This was my first real cooking since I came back from DC. I ate and ate and ate there, so I didn't want to really cook. Plus the larder was pretty bare (it still is), so I didn't have much to cook until after yesterday's farmers market trip. We did have some local black angus flat iron steak that Gary had thawed, marinated, and partially cooked, so I knew I needed to use that. Generally, I'm not much of a meat eater, but I bought this after talking to the farmer (rancher?) and it was a huge piece of meat for $9, and it makes my boys happy. I took some zucchini, tomatoes, bunching onions, and basil (some of which had been languishing in the produce drawer for a week or two) and made a simple sautee (the leftovers have been added to my frozen ragu from a couple of weeks ago), and sliced up the potatoes, drizzled them with olive oil, topped with kosher salt, and roasted them. I am a potato fanatic. These were between golf-and-baseball sized, and I could have eaten six of them. I only made 4 to prevent that from happening. I ate 2.
All of the veggies came from my friends at Whitton Flower and Produce. The potato recipe came from Mark Bittman's Minimalist Cooks at Home, which I cannot find anywhere (and it's making me a little crazy, because it's my favorite cookbook and I'm a little afraid that I inadvertently purged it at the end of June when I was doing the great de-junk). It has a name, but I have no idea what it is. Fancy Crispy Potatoes, we'll call it for now.

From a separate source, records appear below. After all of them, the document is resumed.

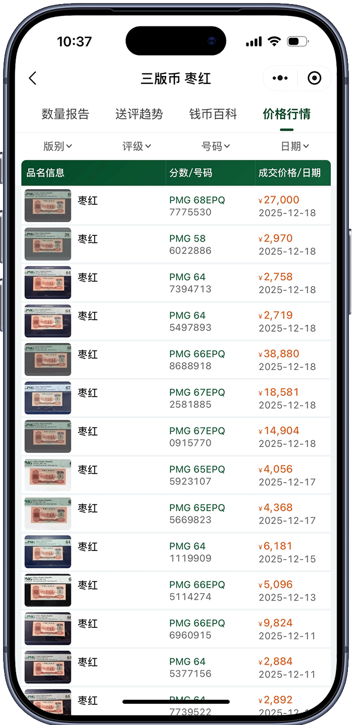 千藏网微信小程序支持一版币、二版币、三版币、四版币、大清宝钞、大明通行宝钞、户部官票等纸币价格查询,提供PMG评级查询、历史成交记录、数量报告、一版珍品排名查询等功能。
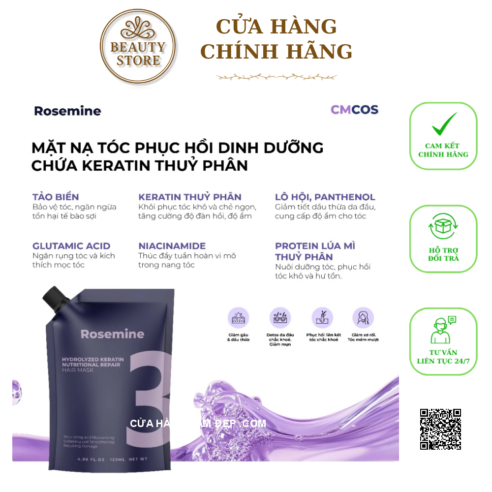 Giới Thiệu Mặt Nạ Ủ Tóc Rosemine Hair Mask Phục Hồi hỗ trợ ngừa Gãy Rụng Tóc:
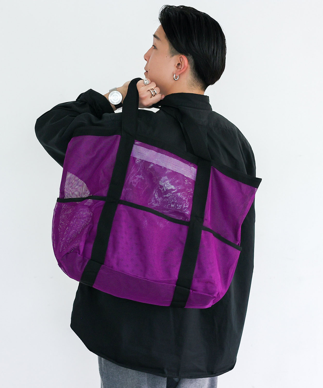 8ポケットメッシュシースルートートバッグ
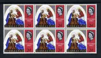 Gibraltar 1967 Christmas 2d unmounted mint plate block of 6, one stamp with 'Bracelet Flaw' SG 217 V17
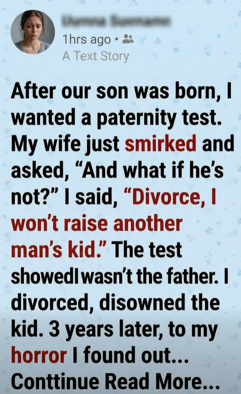 Three years later, that certainty collapsed in a coffee shop. A mutual friend revealed the truth: the lab had made a mistake. Emma had been faithful all along, and the child I abandoned was biologically mine. By the time the error was proven, I had entirely blocked her from my life.
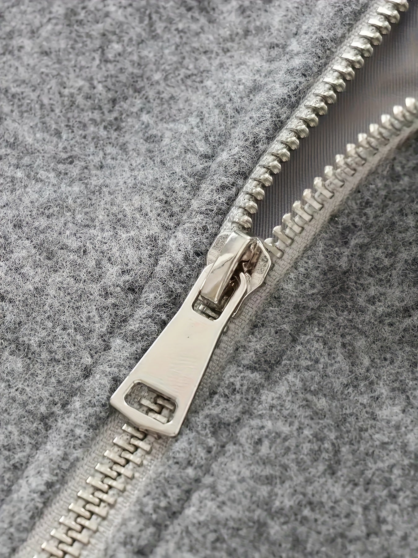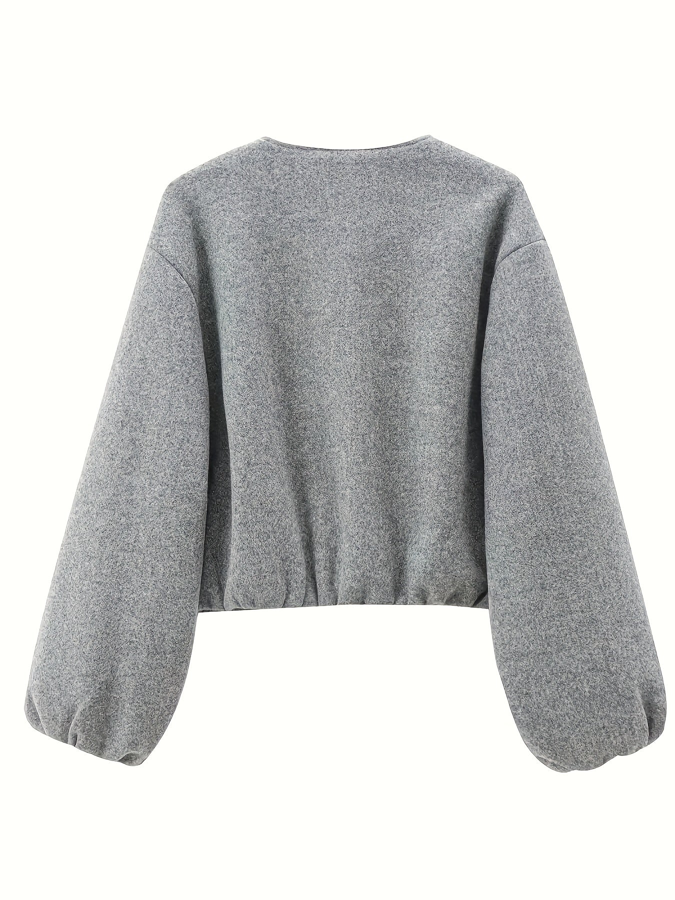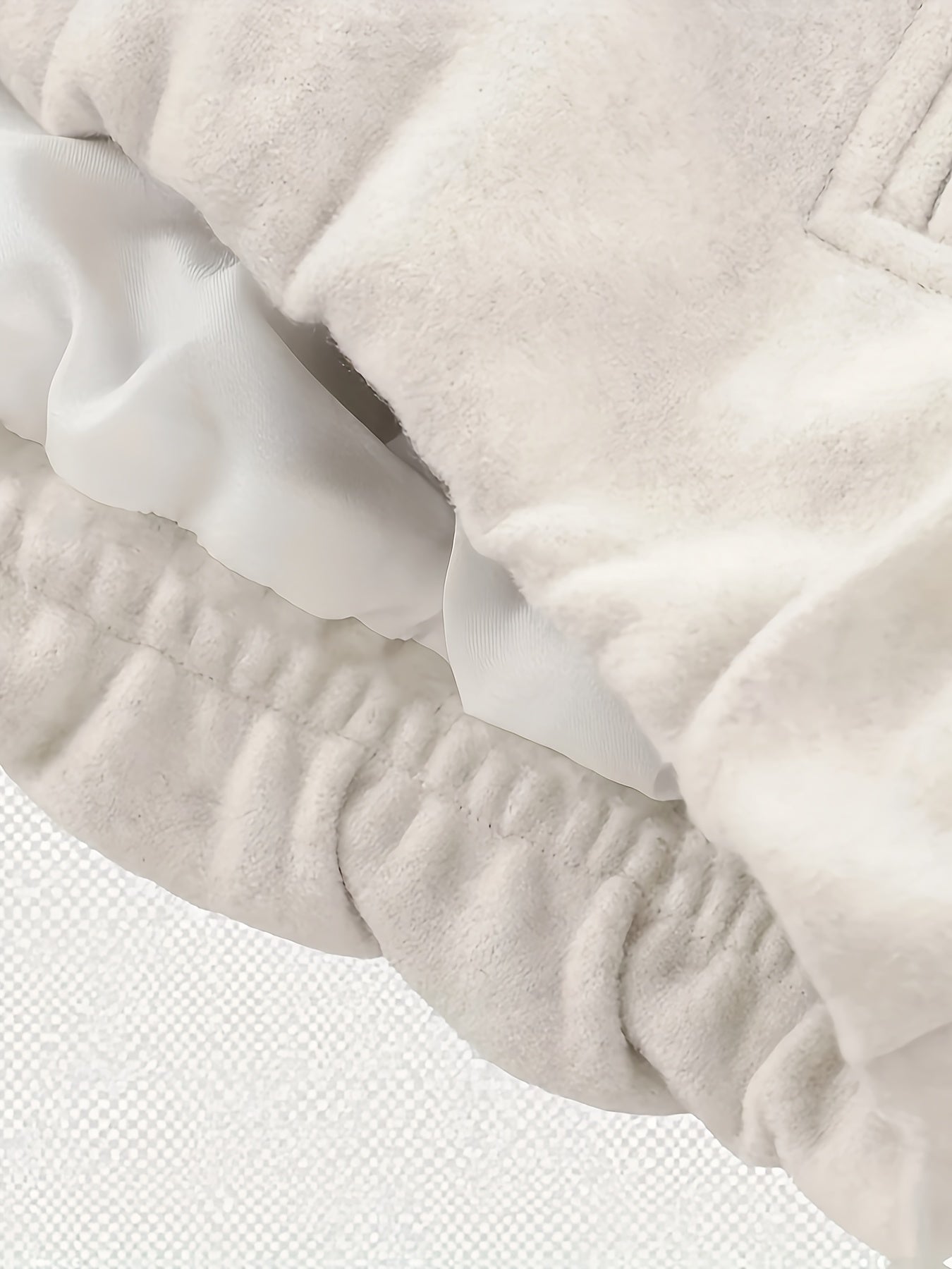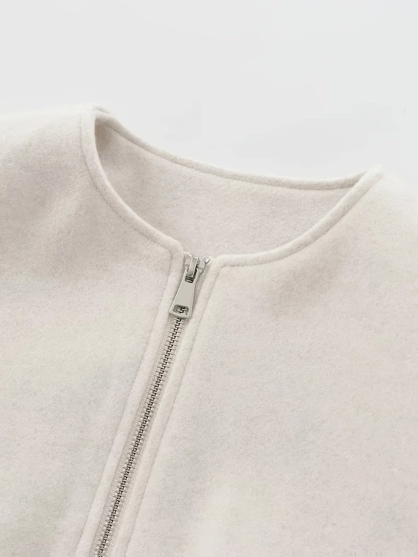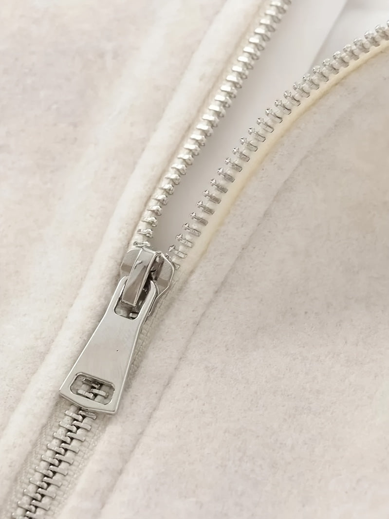 Women'S Elegant Pilot Jacket - Beige Bomber Style Short Coat with Pockets, Zip-Up, Long Sleeves, Loose Fit for Casual & Weekend Wear, Casual Wear Jacket | Bomber Jacket | Polyester Fabric

We also got some slam-fanstastic peaches at the market yesterday- about 25 of them. Elbertas, the "regular" kind, and some big white-fleshed varieties (sorry I didn't pay attention) that is making me crave a bellini (4 T white peach puree per bottle of prosecco), so maybe when I do "real" grocery shopping later today I'll pick up some prosecco and indulge!
3 comments:
Delicious...this is what I mean...I should just move to your town right now! I'm not a big meat and potato person (I was a vegetarian for 15 years), but this looks heavenly. I'd like to get a copy of that book myself...feel the same about potatoes! Amazing what you "throw together.
Hey, AbeBooks.com has several copies of the Minimalist Cooks book for dirt cheap. It looks like a great resource; I just may snag a copy.
You have a wonderful blog, and I thank Maya for reminding me about your wonderful pottery!
Thanks to both of you- I'll go look at AbeBooks today. I was really about to cry in my proverbial soup about that book!